Imagine water striking a water wheel. We can find the torque applied by calculating the force of the water and multiplying by the distance from the center.
To calculate force, we can use the formula F =$\ \frac{dp}{dt}$ .
However, I am confused about change in momentum. More specifically, when water hits the wheel, what will be the change in momentum? How can this be calculated?
To make the question easier, let's assume that a large drop of a certain mass m hits a stationary water wheel. Do we consider the water drop's final velocity to be zero at the point of impact? If not, how can we conceptually and mathematically determine the change in momentum, without experimenting?
Now, how about if the water wheel is already rotating. How can we conceptually imagine what the change in momentum would be (I assume lower than when the water wheel is stationary), and how can we mathematically calculate this if given real values?
It is possible that there are other factors, such as static friction of water wheel or mass of water wheel, however, I am not sure what is needed to be accounted for, so if anyone can improve this problem, please comment of edit.
Thanks for any help.
Best Answer
The change in momentum is simply the difference between the momentum of the system before the event and the momentum of the system afterwards. Don't overthink it =)
The "correct" change in momentum depends on the exact shape of the water wheel, so your mileage may vary. However, a very reasonable first pass would be to assume the water "sticks" to the waterwheel. In this case, we can assume that the momentum of the water after the collision is exactly equal to the mass of the water multiplied by the tangental velocity of the wheel at the point where the water stuck.
However, given that you have a wheel rotating around a fixed point, it is easier to think in angular momentum. Angular momentum is also conserved, and the math is simpler. If you try to do this with just momentum, you'll have to consider how the forces are transmitted to the axel of the waterwheel. It'll yield the same answer, but using just linear momentum will require more math.
From this, we can put together a rough sketch of how a water wheel starts spinning. Start with the wheel at a standstill. One drop falls onto the wheel. Before the drop falls, the angular momentum of the drop is its mass multiplied by its downward velocity multiplied by its distance from the wheel (this is the definition of the angular momentum of a point mass), and the momentum of the waterwheel is zero. After the drop falls and "sticks" to the wheel, the momentum of the entire system is the angular velocity of the wheel after the collision multiplied by the moment of inertia of the waterdrop-waterwheel system. We can solve for this to see that the waterdroop-waterwheel system will start to turn ever so slightly, because of the collision.
As we have more collisions, the wheel starts to speed up. As the wheel speeds up, we start to find that the angular velocity of the water droplet before the collision and the angular velocity of the droplet after the collision start to get closer and closer together. This means the droplet will impart less and less angular momentum into the waterwheel. At some point, the wheel spins as fast as the droplets passing by it, and the wheel receives no angular momentum from the droplet, so it never accelerates faster.

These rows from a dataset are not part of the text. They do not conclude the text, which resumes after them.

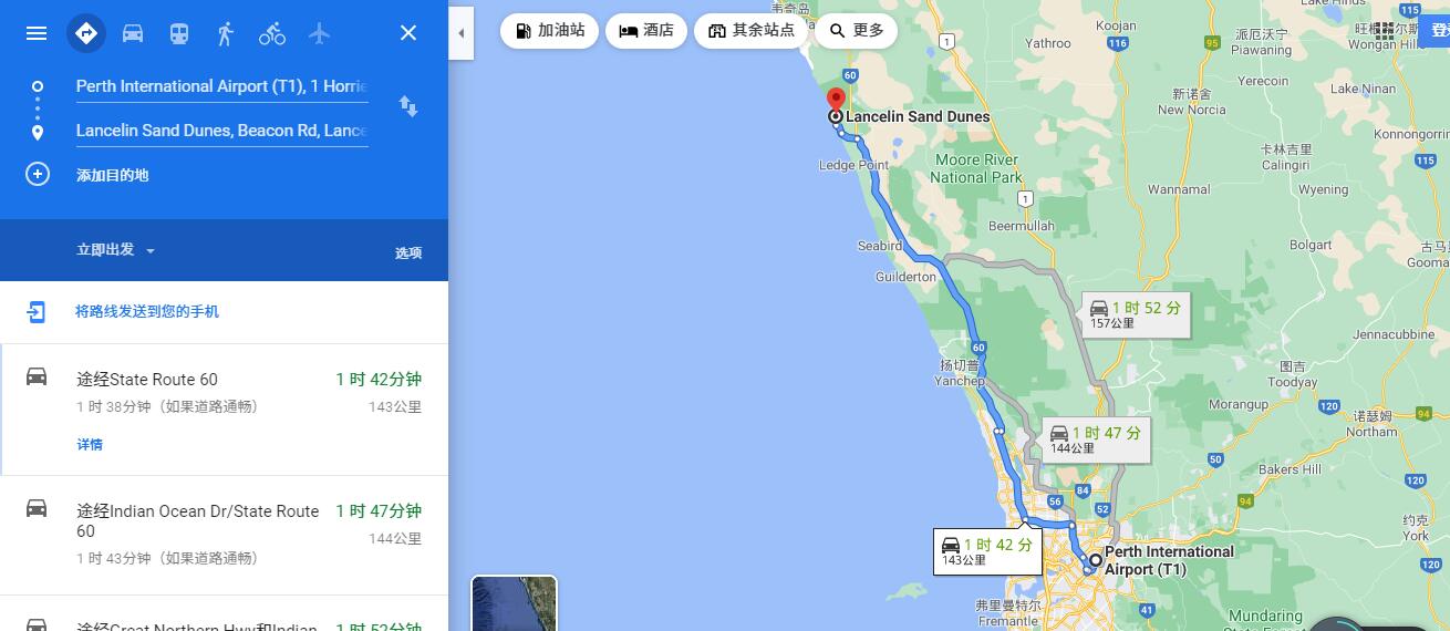 从珀斯出发,我们今天的第一站是著名的兰斯林白沙丘,打开导航一看一百多公里的路程不算太远,出发吧!
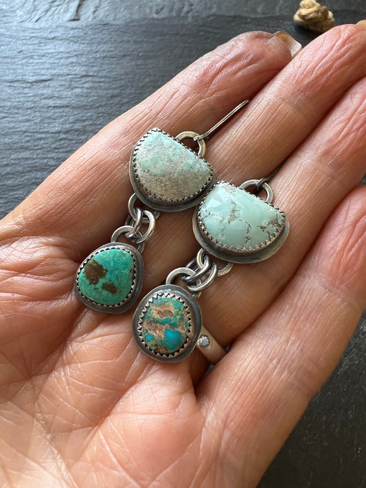 Mismatched turquoise earrings, bezel set earrings set in sterling silver, boho jewellery
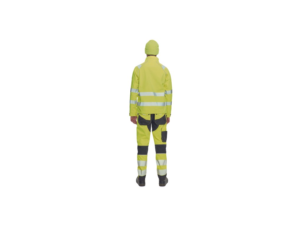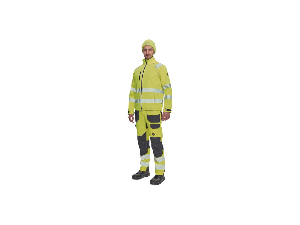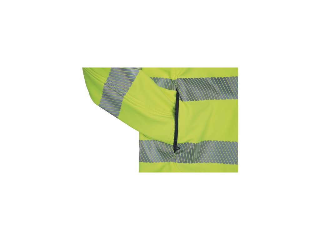 • pánská softshellová HI-VIS bunda s membránou a vnitřním fleecovou vrstvou • zapínaní na zip • 1 náprsní kapsa, 2 boční kapsy na zip • 3 multifunkční vnitřní kapsy • nastavitelná šíře manžet rukávů pomocí suchého zipu • tištěné reflexní segmentované 5 cm pruhy okolo pasu, rukávů a přes ramena
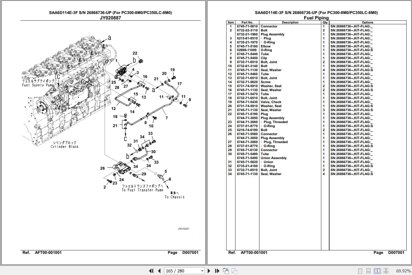Komatsu Engine SAA6D114E-3F 26866736 Up For PC300 350LC-8M0 Spare Parts Catalog
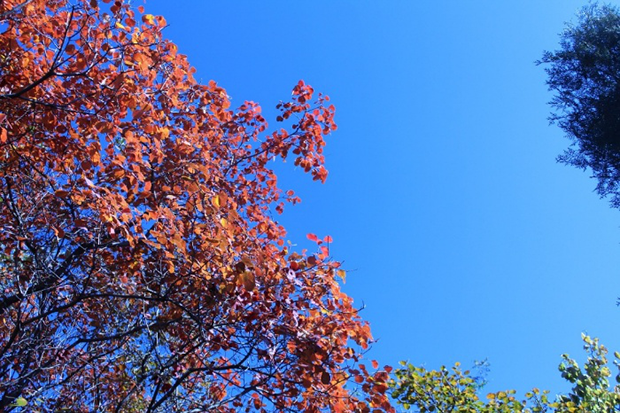 還有一個比較有趣的現(xiàn)象,中國秋色葉樹種類繁多,葉片出現(xiàn)顏色變化的時間也不同,總體呈現(xiàn)出北方的秋色葉樹種要比南方變紅變黃的更早,山上的要比山下的變紅變黃得早且顏色更深。這與中國地域遼闊,山地地形迥異,氣溫隨緯度、海拔變化較大有關。
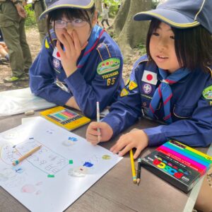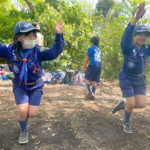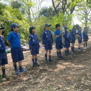 りすスカウトはりすの道をまなび、しか、くまスカウトは整列の練習をしました。
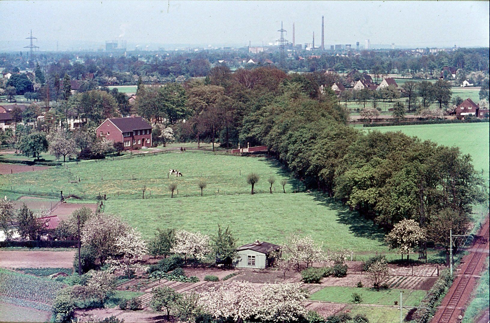 Bevor 1880 die Straße nach Marl gebaut wurde, befanden sich hier Äcker und Wiesen. Als an der rechten Straßenseite nach Marl Häuser gebaut wurden, legte man an der linken Seite eine größere Gartenanlage an. Etwa sieben Familien hatten hier ihren Hausgarten.
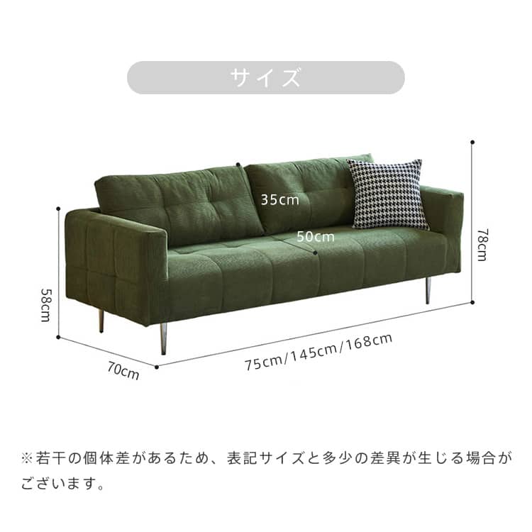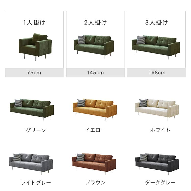 | 商品サイズ | 1人掛け:75×70×78cm 2人掛け:145×70×78cm 3人掛け:168×70×78cm |
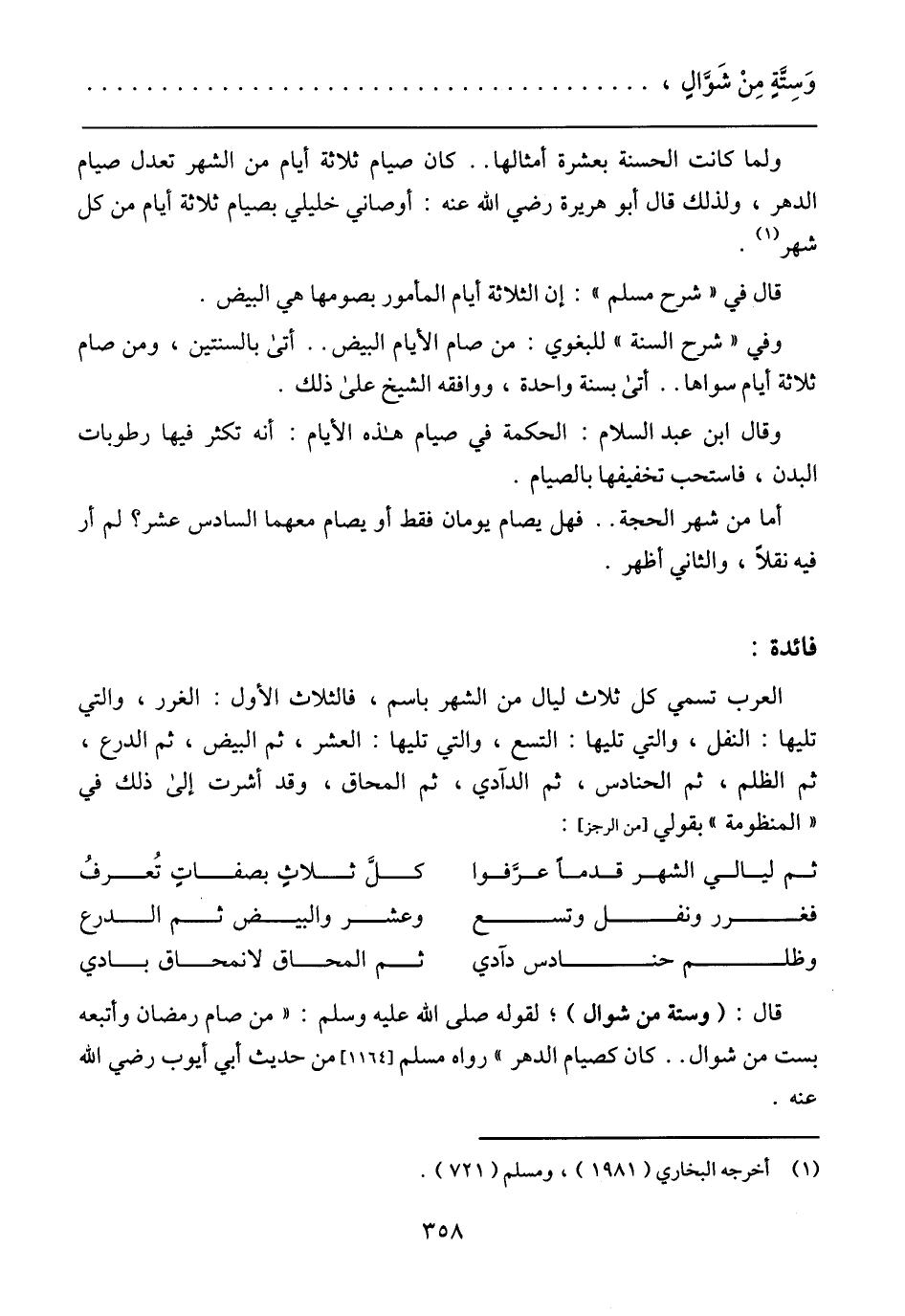 وفي (شرح السنة) للبغوي: من صام الأيام البيض .. أتى بالسنتين، ومن صام ثلاثة أيام سواها .. أتى بسنة واحدة، وافقه الشيخ على ذلك.
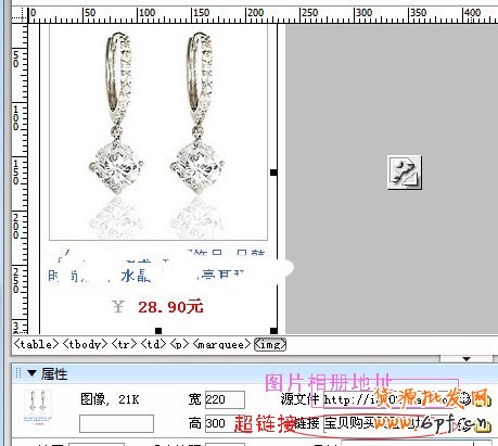 5、把之前做好的寶貝圖片傳上的網絡相冊地址復制一下,然后粘貼到下方中間的源文件(圖片地址1)的地方,圖片就會顯示出來,下面那個是填寫你寶貝購買的地址(超鏈接)
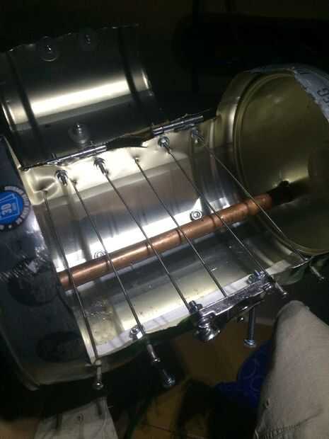 6 agujeros perforaron broca 9/64 comentar equidistante aparte van longitud de la apertura, varilla de bicicleta de corredera a través y empeñados en volver a celebrar. Hay que recortar más adelante, por ahora sólo los doblados hacia arriba y envueltos con una (ver foto)
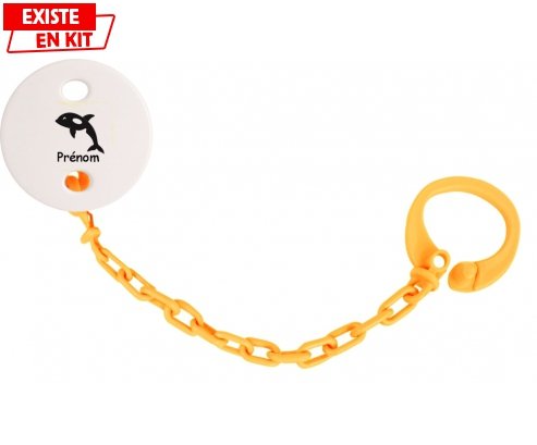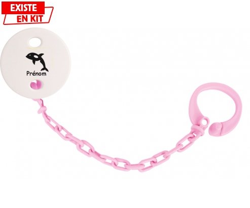 Attache-sucette personnalisé Orque + prénom avec personnalisation design en couleur. Disponible en plusieurs coloris et plastique facile à laver. Pratique : permet une fixation facile de la sucette de bébé à son doudou et à ses vêtements en un seul clip. Hygiénique : empêche la sucette de tomber par terre et permet ainsi à bébé d'avoir une sucette propre toute la journée Visible : facile à repérer grâce aux motifs colorés.
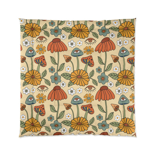 Boho Trippy Mushroom & Flowers Hippie Cottagecore MCM Comforter
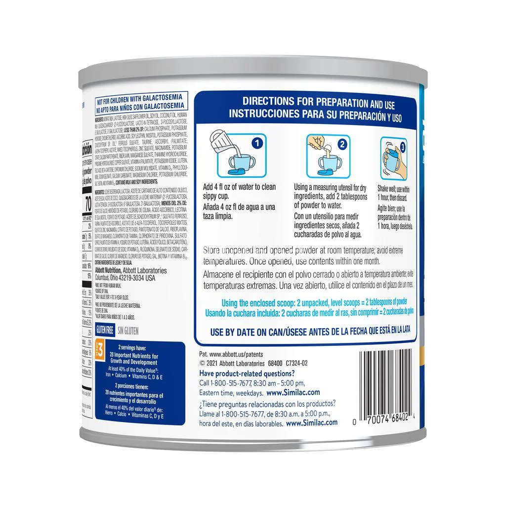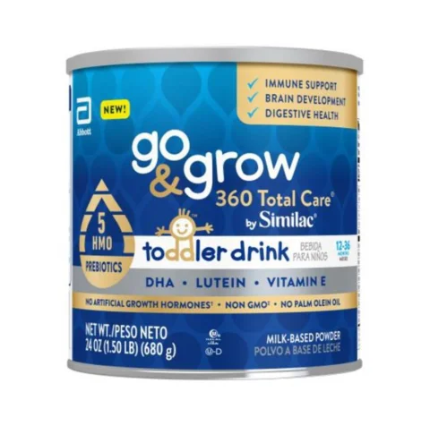Go & Grow Similac 360 Total Care is the first American nutritional drink for small children with 5 HMOs. HMO prebiotics favor digestive health and feed good gut bacteria, where 70% of the immune system is found. Two servings† contain 28 important nutrients for growth and development. Go & Grow 360 Total Care has our exclusive DHA blend for brain and eye development, lutein to support eye health and vitamin E to support developing cells. * IMPORTANT WARNING: Breast milk is the best food for infants. This supplemental food is not a substitute for breast milk. Hygiene and preparation instructions included on the label must be followed. Ask your doctor for advice.
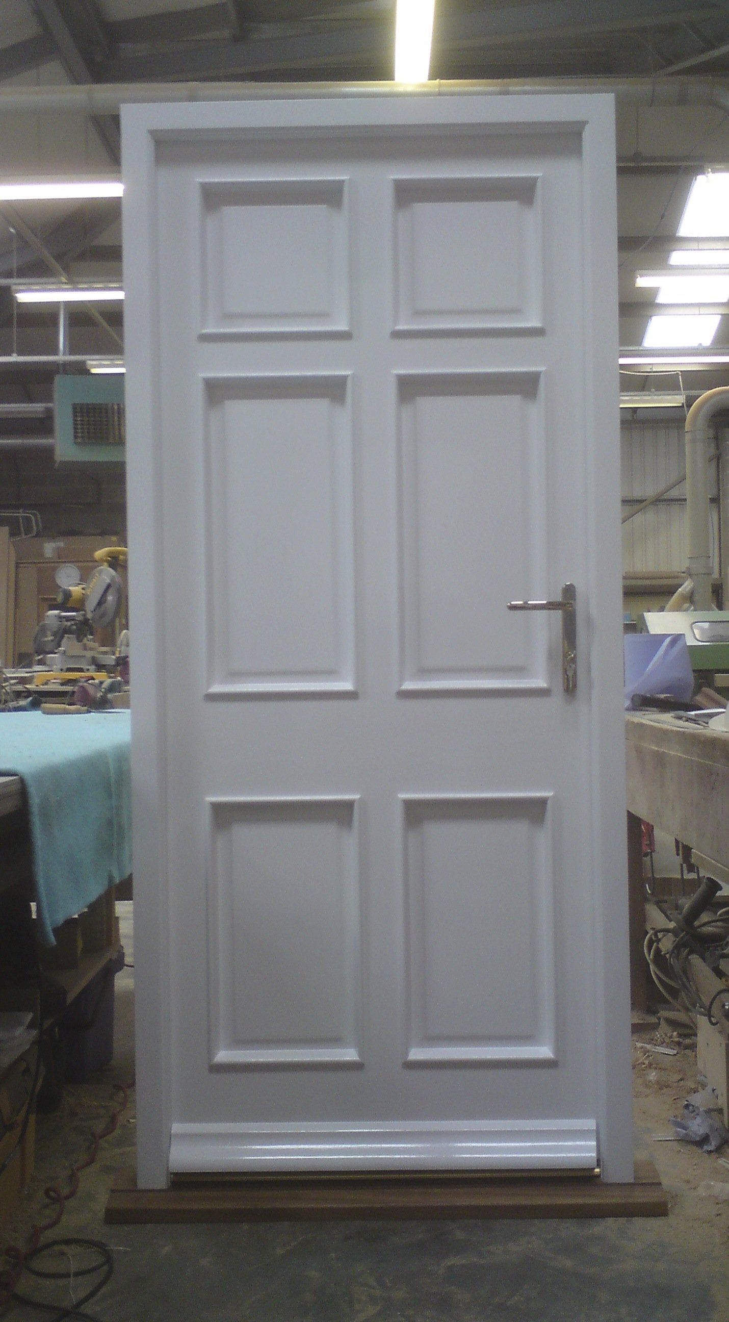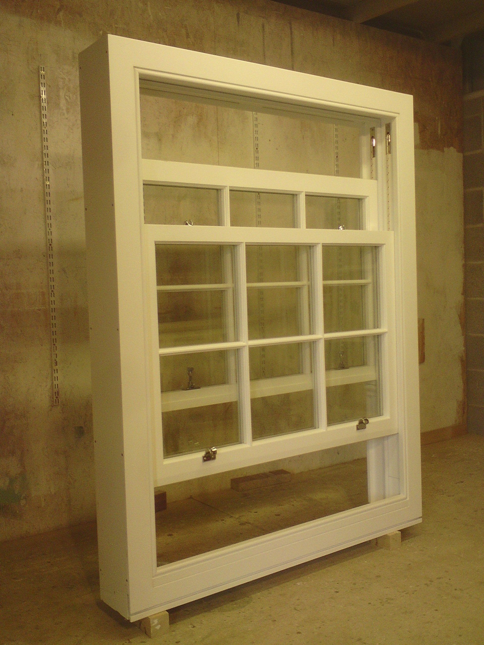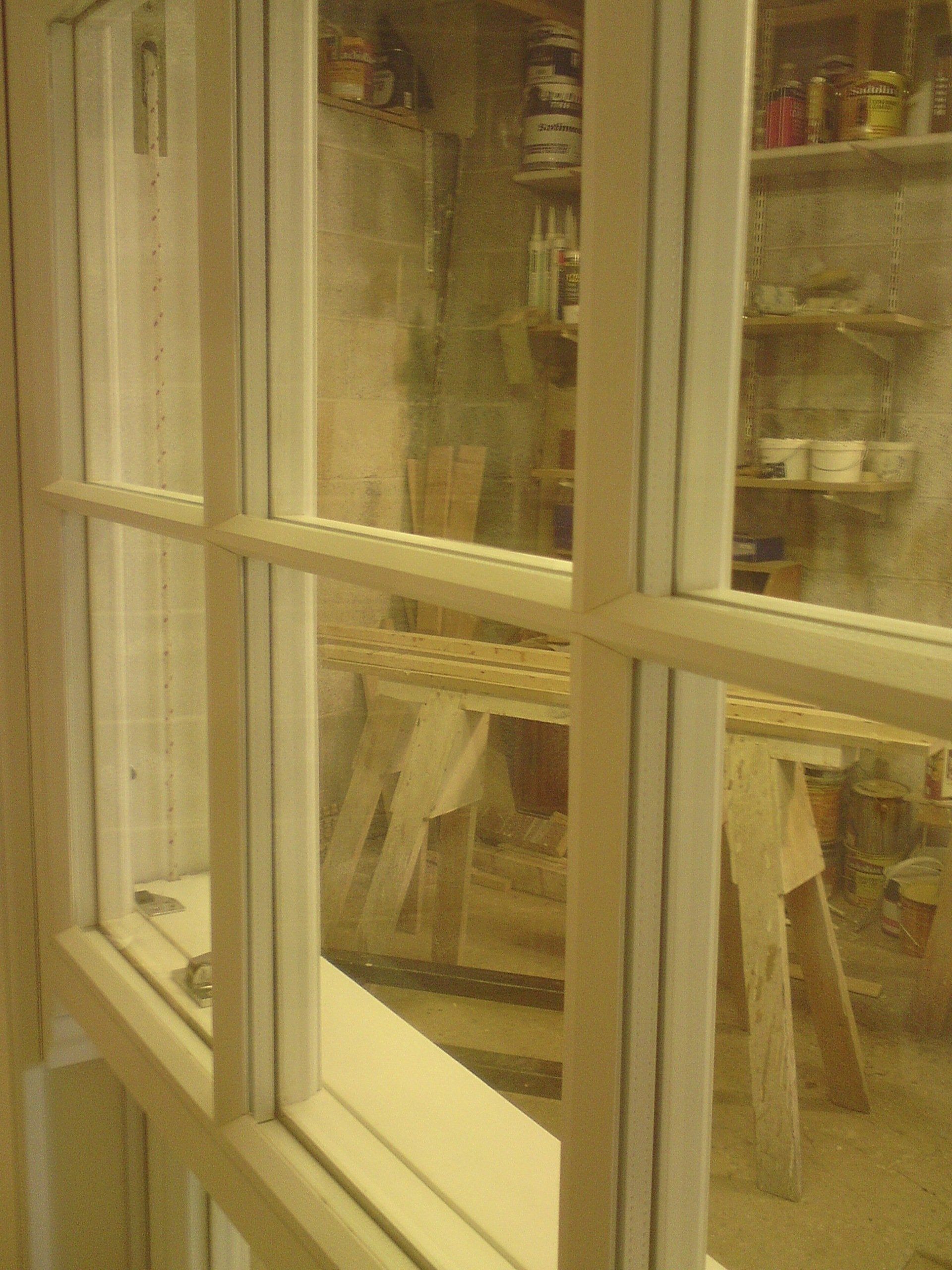 Sliding sash window with a spray painted satin finish as shown in the workshop
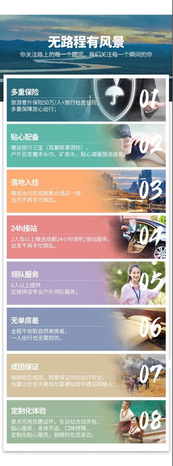 6、領(lǐng)隊(duì)服務(wù):8人以上提供正規(guī)持證專業(yè)領(lǐng)隊(duì)服務(wù);8人及以下由經(jīng)驗(yàn)豐富的司機(jī)提供向?qū)Х?wù)。
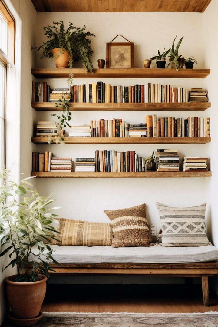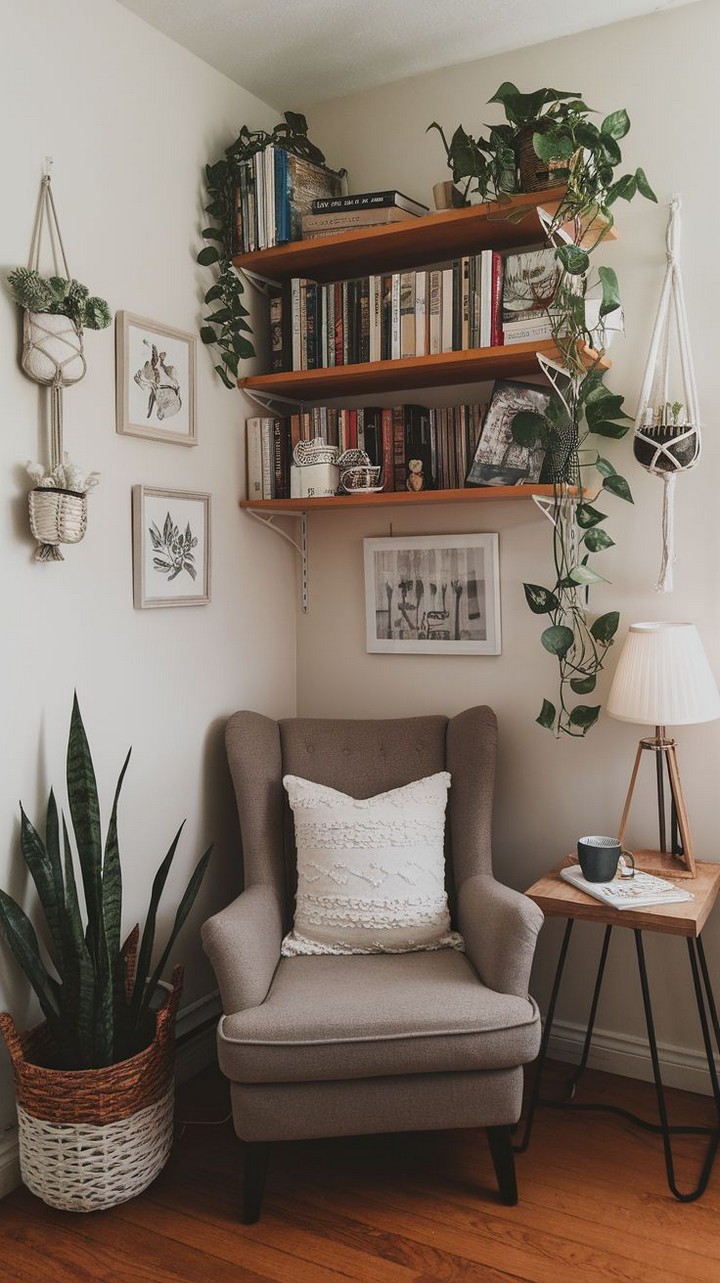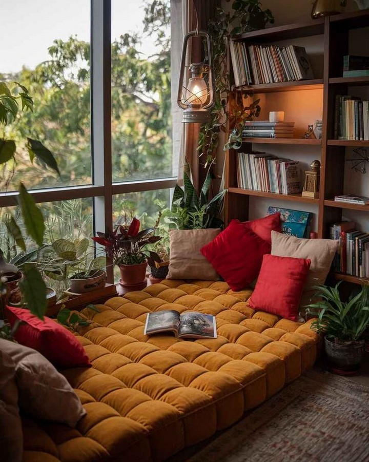 If you love vibrant colors and eclectic decor, a bohemian-style nook is perfect for you. Use a mix of patterned rugs, floor cushions, and macramé wall hangings to create a laid-back vibe. Incorporate plants like pothos or fiddle leaf figs to bring life and freshness to the space.

Of course, this is only one effect. In a waterwheel like you have drawn, with no buckets, this sticking would only be momentary before the water rolls off. If there are buckets, we also have to consider that the water keeps acting on the waterwheel until it reaches the bottom. There are many ways this can be modeled, but energy may be the best way to do it. You can model the loss of gravitational potential energy as the bucket of water reaches the bottom of the wheel, and then look at how much kinetic energy is lost when you let the water go.
In a more complicated system, the water might splash or divert off at an angle. In such cases, you would need to take care to make sure it is modeled correctly.